Meanwhile, the user may carry the event recorder and measure the
ECG anytime and anywhere in which symptoms are suspected. However,
arrhythmia may be silent or asymptomatic. In this case, the user
cannot know when to use the event recorder to measure the ECG.
[0030] Recently, methods for diagnosing arrhythmia using a
photoplethysmograph built in a wearable device have been reported.

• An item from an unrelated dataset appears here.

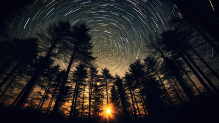 Generative AI : Long exposure star trails in the night sky against the background of tree crowns in the forest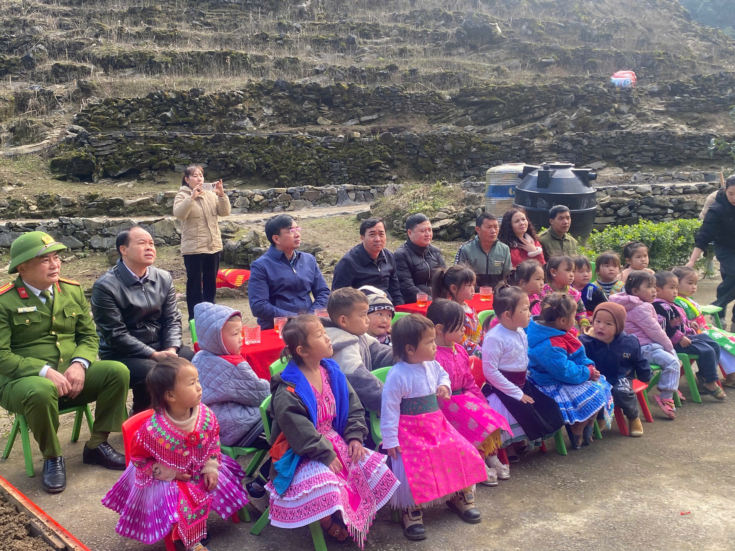 các đồng chí lãnh đạo xã dự lễ khởi công điểm trường mầm non thôn Lùng Vái

Accordingly, when the ECG is measured using the event recorder upon
detection of arrhythmia while continuously detecting the expression
of arrhythmia using a wearable photoplethysmograph, an accurate
arrhythmia diagnosis may be implemented. Albert (David E. Albert,
Discordance Monitoring, U.S. Pat. No. 9,839,363 B2, Date of Patent:
Dec. 12, 2017) discloses a method and a wearable smart watch for
enabling a user to detect arrhythmia using an activity level sensor
(e.g., accelerometer) and a photoplethysmograph and then measure
one ECG signal using two electrodes. However, Albert does not
disclose a method of measuring two electrocardiogram signals using
three electrodes.
[0031] A photoplethysmograph and an electrocardiograph may be
integrated into a single smart watch. However, it may also be
necessary that an electrocardiograph is not built into a wearable
watch.
[0032] The first reason is as follows. Many patients with
arrhythmia have diabetes. Accordingly, it may be necessary to fuse
an electrocardiograph with a blood glucose meter. However, a
separate strip case into which blood test strips are stored, and a
needle for obtaining blood by piercing the skin are required to be
carried to use the blood glucose meter. Therefore, it is not a
significant advantage to mount only a blood glucose meter in a
smart watch. More importantly, it is difficult to provide a blood
test strip insertion port in a smart watch. In this case, a blood
glucose meter and an electrocardiograph may be preferably
implemented as a single wireless portable device. And when the
photoplethysmograph accommodated in the smart watch generates an
arrhythmia occurrence alarm, an electrocardiogram may be measured
using the wireless portable device in which the blood glucose meter
and the electrocardiograph, which are separate from the smart
watch, are accommodated together.
[0033] Second, there is an important advantage that even an
existing smart watch that includes a photoplethysmograph but does
not include an electrocardiograph may be used in the method of the
present invention when the software of the photoplethysmograph is
updated only.
[0034] Third, it is because embedding an electrocardiograph in a
smart watch requires a special miniaturization technology and it
leads to expensive manufacturing costs. Since a smart watch
containing only a photoplethysmograph may be used by young people
who are irrelevant to arrhythmia, mass production may be
facilitated and manufacturing at low cost may be implemented. For
the above three reasons, it is not always necessary to accommodate
a photoplethysmograph and an electrocardiograph together in a smart
watch. Accordingly, an electrocardiograph may be accommodated in a
smart watch or implemented separately.
[0035] The present invention has been made in view of the above
problems and requirements, and the present invention provides a
method of using a photoplethysmograph to detect the occurrence of
an arrhythmia, and obtaining two electrocardiogram leads. In
addition, the present invention discloses methods in the cases of
an electrocardiograph is and is not accommodated in a smart watch
accommodated with a photoplethysmograph.
Technical Solution
[0036] The electrocardiogram measurement method using a wearable
device according to the present invention, by the device worn on
one hand of a user and accommodated therein with a
photoplethysmograph, includes: periodically measuring
photoplethysmogram; extracting photoplethysmogram parameters by
analyzing the measured photoplethysmogram; determining generation
of an alarm by using the photoplethysmogram parameters; and
generating the alarm based on the determination result, and
includes: after the alarm is generated, by an electrocardiograph
installed in the wearable device or an electrocardiograph that is
separated from the wearable device and portable, receiving
electrocardiogram signals through a first electrocardiogram
electrode and a second electrocardiogram electrode among three
electrocardiogram electrodes coming into contact with a left hand,
a right hand, and a left lower abdomen or left leg of a user,
respectively; and amplifying two electrocardiogram signals inputted
to the first and second electrocardiogram electrodes by using two
amplifiers built in the electrocardiograph.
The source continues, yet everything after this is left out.